In addition, the Partial Least Squares path model (PLS-PM) integrated the complex interrelationships among soil organic carbon, microbial biomass, soil physical and chemical properties, TN, soil microbial community composition, and understory plant community composition. The GoF of the model was 0.71. PLS-PM results showed that soil organic carbon (SOC, SOC/DOC) had a significant positive effect (r = 0.94, p < 0.001) on microbial biomass (MBC, MBN/MBC) and a significant positive effect (r = 0.95, p < 0.05) on understory plant community composition (abundance of all plants in the understory); Microbial biomass (MBC, MBN/MBC) had a significant positive effect (r = 0.91, p < 0.001) on soil physical and chemical properties (pH, BD, AK) (Figure 6a). Soil organic carbon (SOC, SOC/DOC), TN, and soil microbial community composition (F/B NTI) directly influenced understory plant community composition (abundance of all plants in the understory), and soil physicochemical properties (pH, BD, AK) indirectly influenced understory plant community composition (abundance of all plants in the understory) (Figure 7).

4. Discussion

4.1. Effects of Different Forest Types on the β-Diversity of Soil Microorganisms

Soil bacterial and fungal β-diversity differed significantly among the four forest types, with a stronger effect of forest type on soil microbial community β-diversity. The results of the NTI calculations showed that the mean NTI values of bacteria in PFP, MPQ, and PFQ were all less than 0. The mean NTI of bacteria in MPQ was lower than that in PFP and PFQ, indicating that the soil bacteria in MPQ were more phylogenetically over-dispersed than those in the remaining two pure forests [35]. The results of βNTI calculations indicated that deterministic processes drove bacterial community assembly, that bacterial community assembly was dominated by heterogeneous selection, and that bacterial phylogenetic turnover in the four forest types exceeded expectations. Compared to pure forests, the community assembly processes of fungi in mixed forests were all deterministic rather than stochastic. Fungal communities in PFQ were dominated by homogeneous selection, and due to strong homogeneous selection, fungal communities occupied narrower environmental ecological niches, and fungal community phylogenetic turnover was less than expected [35]. Fungal assembly processes in MF and MPQ have been associated with dispersal limitation, with very limited dispersal between soil communities in mixed forests [36], and also with non-dominated stochastic processes, probably because stochastic processes can play a role in high resource availability, and the relatively high SOC content of MPQ provides a rich source of available resources for the assembly processes of their soil fungi [18,45].
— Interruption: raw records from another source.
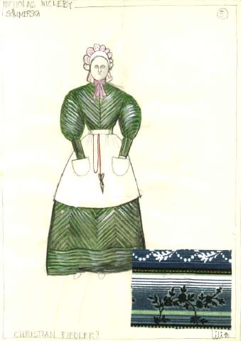 Kvinna iklädd vit hätta med rosamönstrad spets och hakband, randig grön lång klänning med höghalsat liv, puffärmar med smal manschett, vitt midjeförkläde, sax hängande i rött snöre från midjan. T h i nerkanten fastlimmat tygprov.
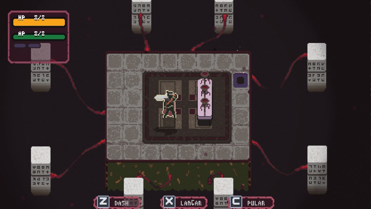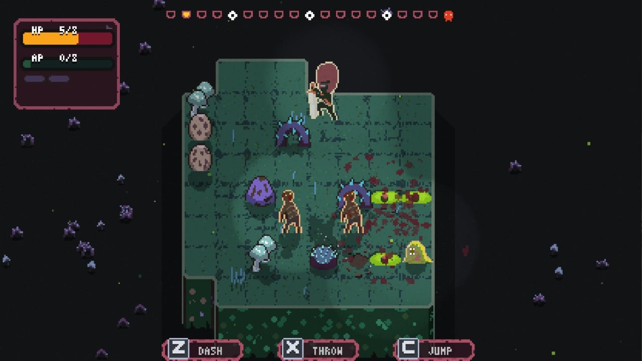 Геймплей в Undergrave похож на Red Ronin – другую игру от тех же разработчиков. Игровой процесс напоминает модифицированный сокобан. У героя есть 3 способности. Он может метать свой клинок в нескольких направлениях, совершать рывок по прямой линии (пока не упрется в препятствие) и прыгать по вертикали, горизонтали и диагонали. Все эти активности расходуют шкалу выносливости. Каждый ход эта полоска понемногу восстанавливается. Если у бойца есть меч в руке, то он при контакте с противником наносит ему урон или убивает. Можно уничтожать несколько супостатов за одно движение. Если воин безоружен, то он отталкивает или оглушает недругов.
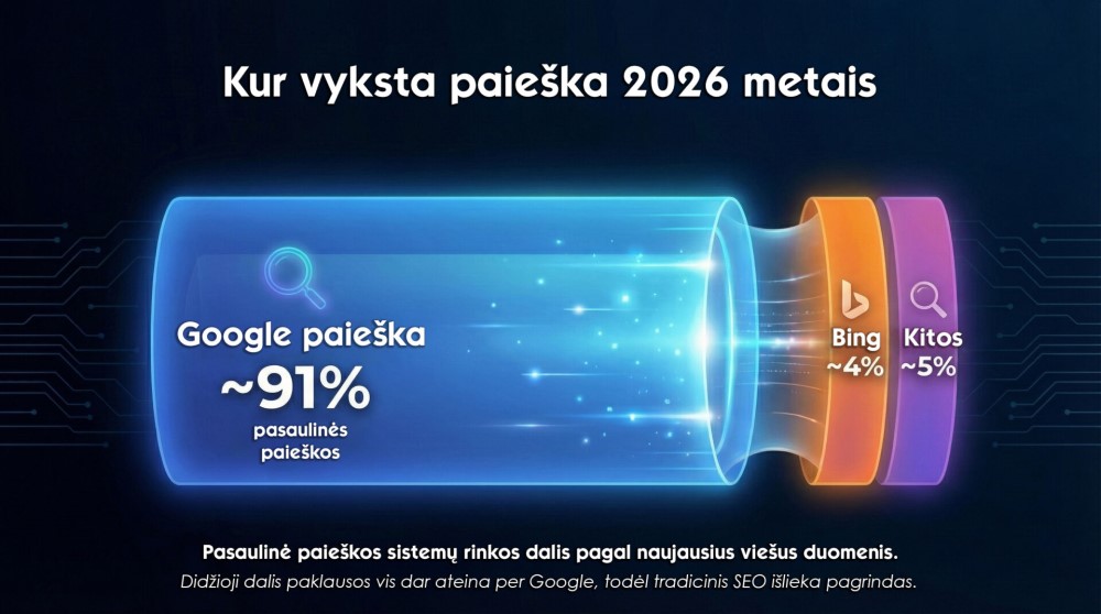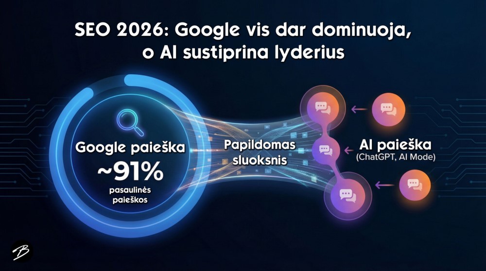 2026 metais tradicinis SEO ir AI paieška nėra konkuruojančios strategijos. Tai papildantys vienas kitą kanalai. „Google“ vis dar generuoja didžiąją dalį pasaulinių paieškų, todėl tvirtas SEO pagrindas yra būtinas. AI paieška tuomet sustiprina lyderius, darydama įtaką tam, ką vartotojai pasirenka, kuo pasitiki ir ką įsimena.
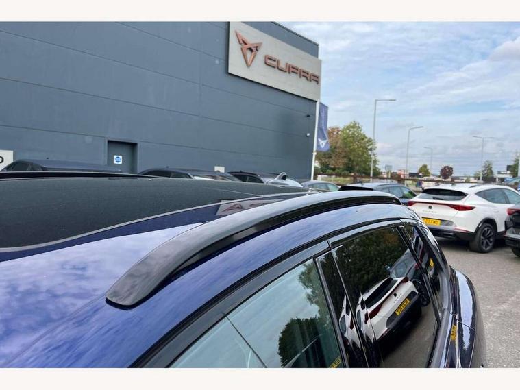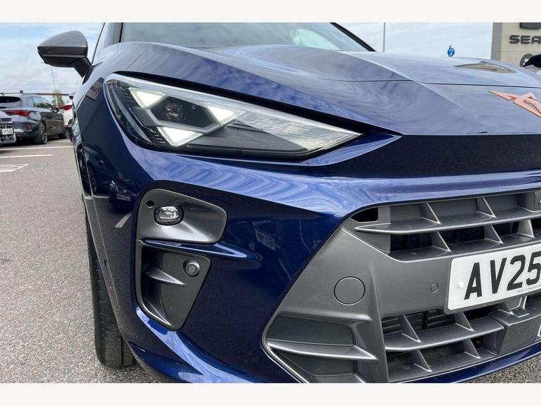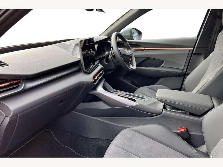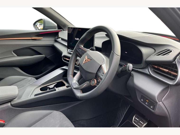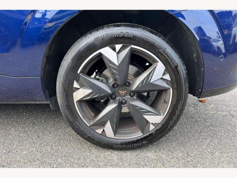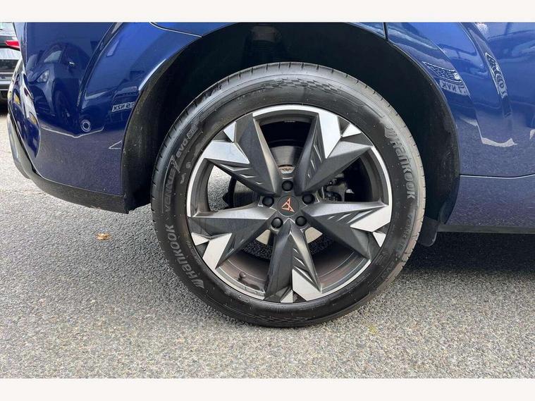 10.25" digital cockpit and configurable dashboard, Adaptive cruise control with follow-to-stop and speed limiter, Advanced driver alert system, Advanced lane assist with semi-automatic vehicle control in a medical emergency and traffic jam assist, Driving profile selection and conventional shock absorber, Dynamic road sign display, E-call, Electric tailgate with virtual pedal, Emergency steering support with turn assist, Four x USB Type C ports (2 in front and 2 in rear), Front and rear parking sensors, Front assist (Forward collision warning with automatic braking) with multifunction camera and front cross traffic assist, Head up Display, Intelligent park assist, Media system with Nav - 12.9" touch display, voice control, full link phone (wired/wireless), DAB and Steering wheel mounted controls, Rear traffic assist, Side and exit assist, Speed sensitive power steering, Start/stop system with regenerative braking, Top view camera (front camera, rear camera, 2 side cameras), Wireless phone charger, Auto dimming rear view mirror, Black roof rails, CUPRA 3D rear lights with ceremony & swiping indicator and illuminated logo, Dark tinted rear windows, Daytime running lights with automatic headlight control and Coming and Leaving home function, Door mirrors with memory function and lowing function on passenger mirror, Dynamic headlight range control, Electric front/rear windows, Electrically adjustable, heated and folding door mirrors, Front fog lamps with cornering function, Heat reflecting windscreen, High beam assist, LED headlamps with signature "CUPRA LED", Rain sensing wipers, Rear fog light on one side, back up light on both sides, Rear side wing doors, Rear wash/wipe, Third brake light, Welcome lights (within exterior mirror housing), 3 seat bench in 2nd row, Black roof lining, Cupra sports pedals, Dinamica cloth upholstery, Driver seat memory function, Electrically adjustable front seats including lumbar support, Front and rear head restraints, Front and rear reading lights X 4, Front centre armrest, Heated front seats, Heated leather wrapped multi function sports steering wheel with tiptronic, Illuminated interior front door sills, Isofix, Operating voltage 12V, Single front passenger seat, Smart wraparound interior lighting, Sunvisors with illuminated mirror, Three zone climate control with control panel in rear, Unsplit rear seat bench, split folding backrest, with centre armrest, Variable luggage/load compartment floor, 3 point seatbelts in front with pretensioner and electric height adjustment, 3 point seatbelts on all rear seats, Brake control system - ESC and brake booster, Child proof door locks, Driver and front passenger airbags, Electronic parking brake, Front and rear disc brakes, Front interaction airbag, Front passenger airbag deactivation switch, Front side airbags with curtain airbags, Pre-crash front and rear seat belt tensioner, window closure and hazard lights, Tyre pressure monitoring system, Visual and acoustic seat belt reminder, electric contact in front and rear, Anti theft alarm, Keyless locking and starting system with keyless access, Locking wheel bolts, Black decorative trims, Chrome interior detailing, 19" Spectrum exclusive machine alloy wheels, Tool kit,
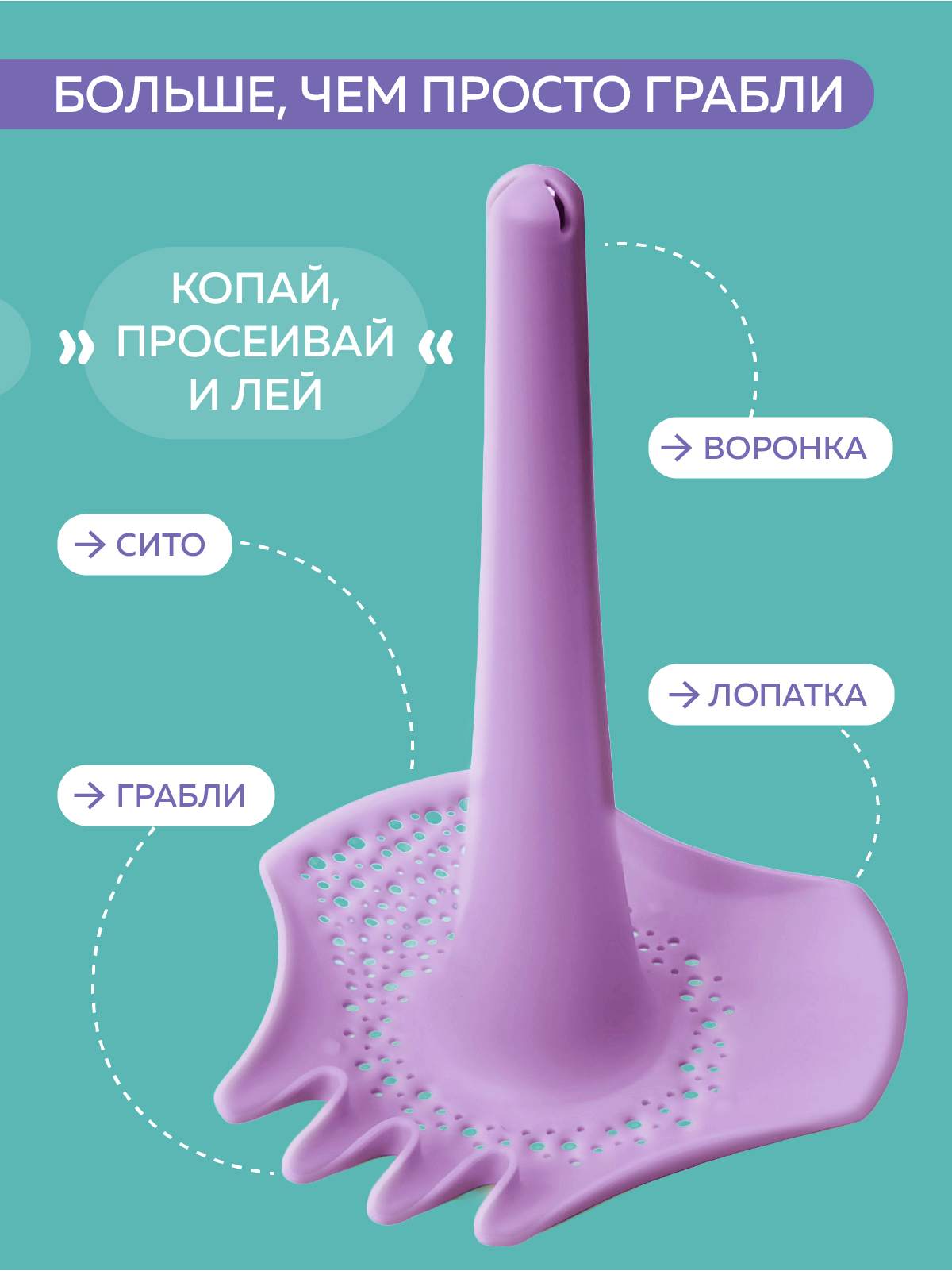 – 4 главных инструмента в 1: сито, грабли, лопатка и воронка.

4.2. Effects of Different Forest Types on Understory Plant Abundance and β-Diversity

Among the four forest types, the abundance of understory plants was lowest in PFP, and the top three species ranked in the abundance of shrubs and herbs in its understory were lower than those in the other three forest types. PCoA analyses showed that the effects of forest type on the β-diversity of understory communities were stronger, and the differences in the β-diversity of arbors, shrubs, herbs, and all plants in the understory of the four forest types were significant. The main source of these differences was the difference in canopy species composition [46,47], where different species compositions can provide different seed sources for the forest, and forest types with rich canopy compositions had rich seed sources and their understory plant compositions were richer compared to those with a single canopy composition. The PFP, characterized by tall and straight trunks, single-species composition, and minimal variation among individuals, has long maintained a monotonous environmental state, which has significantly restricted the diversity of understory plants [48]. However, the understory plant diversity of PFQ with a single canopy composition was significantly higher than that of PFP, and even higher than that of the two mixed forests, which does not disprove the conclusion that the understory species composition of forests with a single canopy composition is homogeneous, because the understory species diversity of the forests with broadleaf species in the canopy group was higher than that of the forests with coniferous forests in the canopy group [11,49]. Among the four forest types, the canopy composition in PFQ was all broadleaf species, the canopy species in PFP was all coniferous species, and the coniferous species in MF was slightly less than that in MPQ, so its understory plant abundance showed the result that MF was closer to PFQ.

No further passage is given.